Chef Dale Mackay works in the kitchen of his Vancouver restaurant, Ensemble.

Bringing it all Ensemble

He holds a passion for his profession and exudes diligence in all he does.

Pursuing perfection, building relations and taking the time to tend to details is what has defined the past decade of Dale Mackay’s culinary ascent to being crowned Food Network Canada’s inaugural Top Chef.

Never one to rest on either his laurels or laureates – including the distinction of being the youngest Grand Relais & Chateau regarded chef on the planet – Chef Mackay moves indefatigably forward.

With the opening of Ensemble earlier this year, he brings a lifetime of timeless lessons together and to the table. In the Vancouver kitchen, the young veteran is surrounded by a team he knows well and enjoys even more.  The secret to great cooking is not only in the ingredients and technique alone; the key is in the company – on both sides of the house.  More than credentials and experience, what he looks for primarily is a sense of purpose – something we all prosper from in the kitchen.

“Attitude, work ethic and talent go a long way in any kitchen.  I never went to culinary school. I went to work with the best people I could find, and have looked for the same at Ensemble,” says Mackay, who embarked upon his own culinary journey by hopping a plane, landing in London and asking Gordon Ramsay for a job – without a red seal or cent to his name.

A further two years as Daniel Boulud’s brightest light at Lumiere and DB Bistro readied him for two of the greatest challenges of his career: tackling the Top Chef Canada competition and opening a restaurant of his own. The first he handled with now-celebrated aplomb, the second, Ensemble, is where Mackay brings it all together nightly.
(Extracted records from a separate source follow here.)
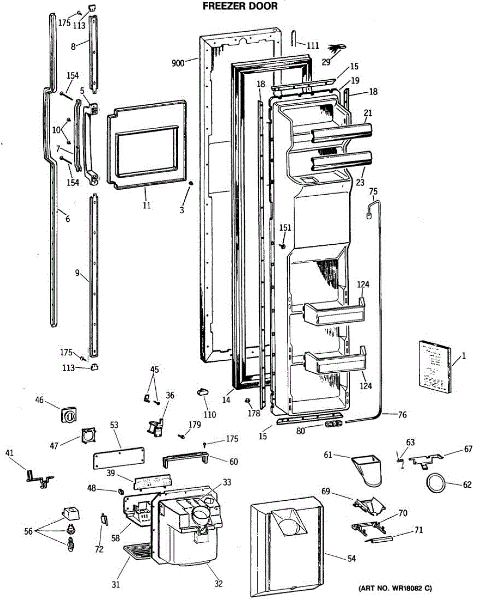The Ice Door Assembly is an OEM part for GE refrigerators. It is integral to the ice dispenser system, controlling access to the ice chute. This component ensures the efficient delivery of ice cubes or crushed ice when activated and seals off the chute when not in use to maintain the freezer's temperature and prevent frost buildup.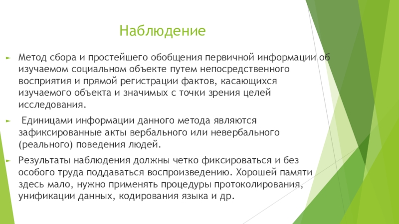 Результаты наблюдения должны четко фиксироваться и без особого труда поддаваться воспроизведению. Хорошей памяти здесь мало, нужно применять процедуры протоколирования, унификации данных, кодирования языка и др.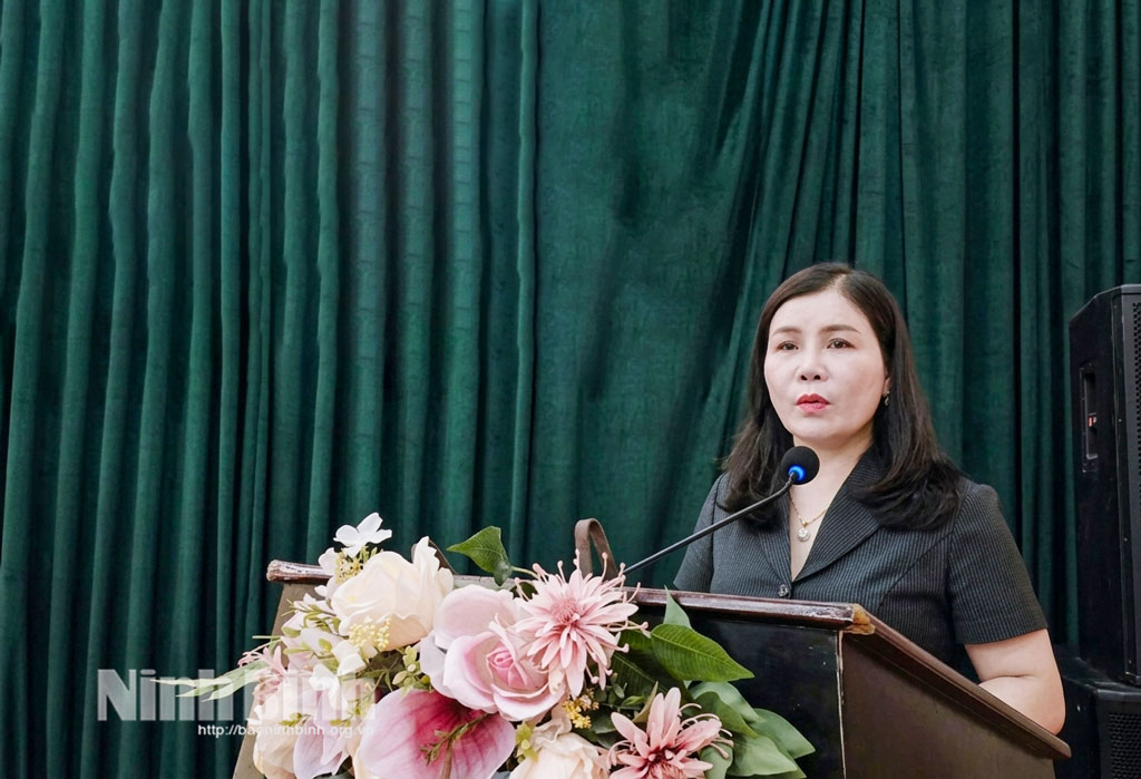 Đồng chí Nguyễn Thị Thu Thủy, Tỉnh ủy viên, Phó Bí thư chyên trách Đảng ủy UBND tỉnh phát biểu khai giảng lớp bồi dưỡng nhận thức về Đảng.

Regardless, he continues to find fresh challenges. His latest project has been in development for long enough; shortly, Chef Mackay is releasing a line of six different self-same-branded grinders and blenders, spice mixes and oils aimed directly at the home cook.

“Top Chef brought some great exposure. Before the finale, we were doing well. But since? This is a gift,” he admits.

“The nice thing is the reach of the demographics. People of all ages tuned into the show. I have nine-year-olds coming up to me with so much food knowledge.”

As a single father with an interest in passing on his culinary know-how to a new generation, he takes an active role in the mentoring of the youngest cooks in any kitchen via a school program at Vancouver’s Templeton Secondary.

An undisputed freehand artist in his approach to the plate, aside from The Spice Bible, he has not read a cookbook in years. His inspirations are sourced daily and their manifestations are Ensemble’s strongest suit – aside from the impeccable presentation.

While free-flowing in the approach to any given dish, Mackay remains a firm believer in the finer aesthetics of the simplest dishes.

“It’s all about diligence. I’m a big believer in seeing where it goes, but I like food to be clean and elegant, especially the basics.  Doing casual does not have to mean rustic sloppy,” Mackay says with a grin.

“I’m pretty anal about it, but who does not like beautiful?”